Education and Americanization

Democracies seem fragile even to their strongest supporters. If the people can choose their rulers, how can we be sure they will make the right choices, that they will not select con men and charlatans to govern them? Even some of the founding fathers worried that the "people" might dissolve into an unthinking mob, wreaking havoc on a fragile government. For many Americans the only way to ensure that people make wise political choices is to make the people themselves wise. Children must go to school to learn the nation's ideals and duties as well as the rights and privileges of being a citizen. But what kinds of ideals should be taught to young people, and who should teach them? If America is comprised of an ethnically and religiously diverse people with differing ideas about national values, whose notions of those values should be imparted to children?

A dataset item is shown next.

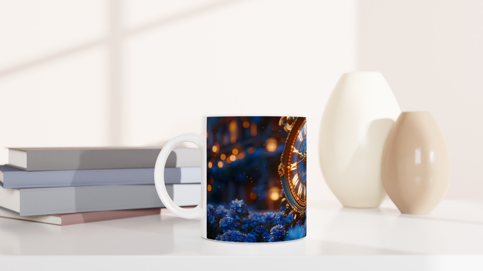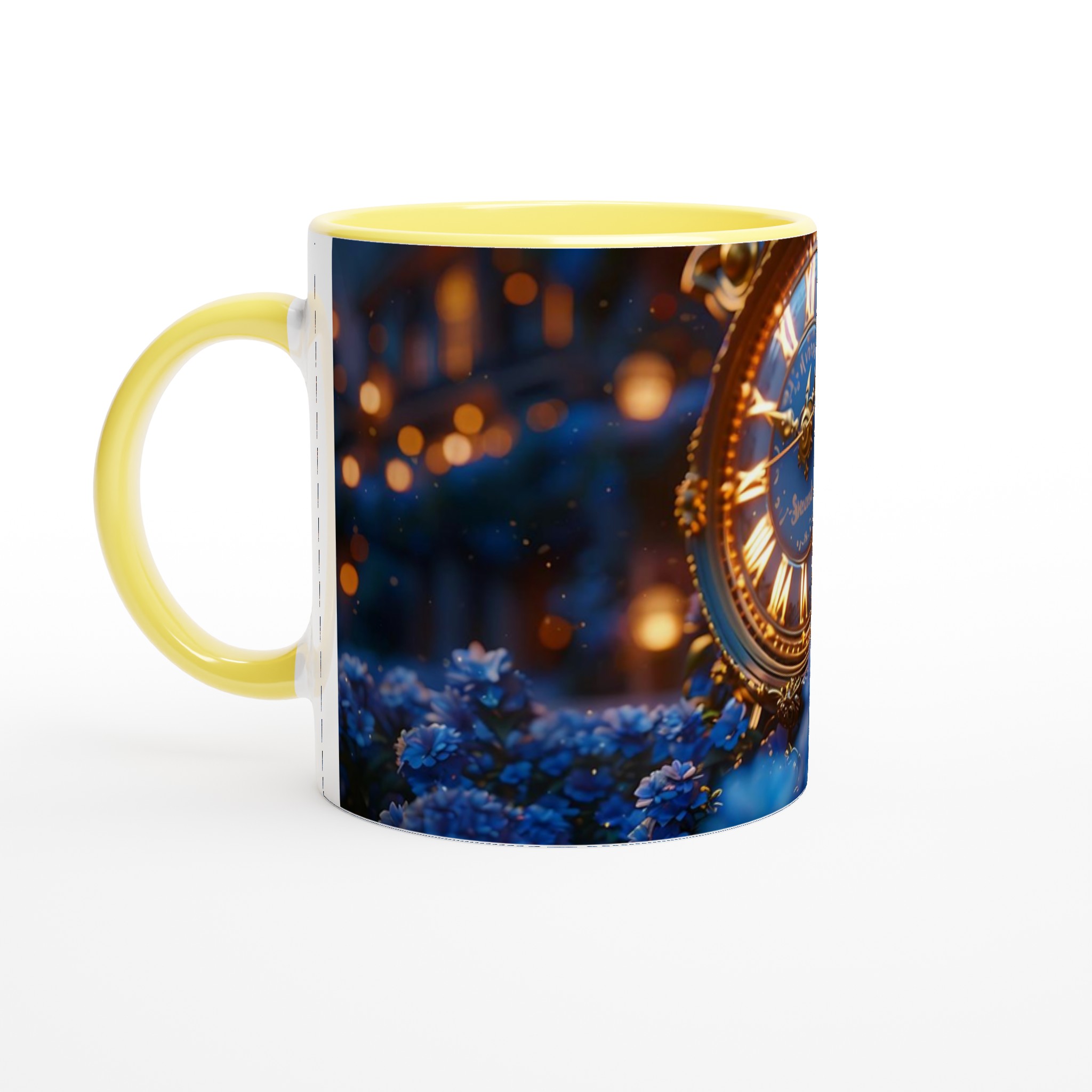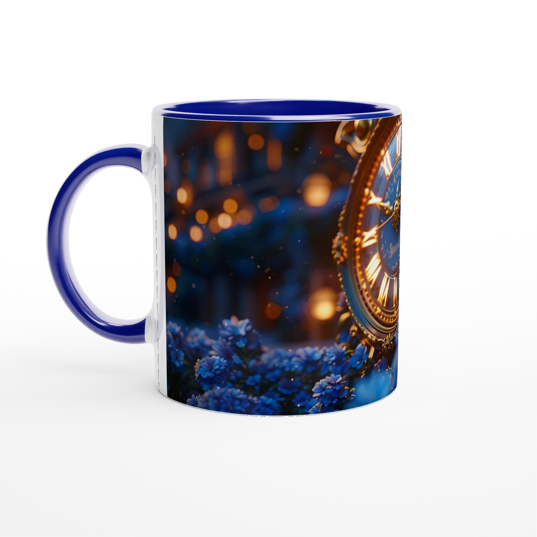 Fånga magin från en stjärnklar natt med vår förtrollande Keramisk mugg. Denna mugg är inspirerad av bilden av en utsmyckad, gyllene klocka omgiven av skimrande blå blommor i ett mjukt, drömskt ljus, och förvandlar varje dryck till en sagolik upplevelse. Perfekt för morgonkaffet, kvällens varma choklad eller när du bara vill njuta av en kopp te i en atmosfär av tidlös elegans.

Americans have argued over the meanings of a public education since the public school movement first gained momentum in the early nineteenth century. In recent years those conflicts have focused on whether students of different ethnic backgrounds should study together, what history students should learn or what languages teachers should use in their classrooms. Yet the most enduring and bitterest of school controversies have been those involving the place of religion in schools: prayers in school, bible reading, and the possible conflicts between religious and scientific explanations of the universe.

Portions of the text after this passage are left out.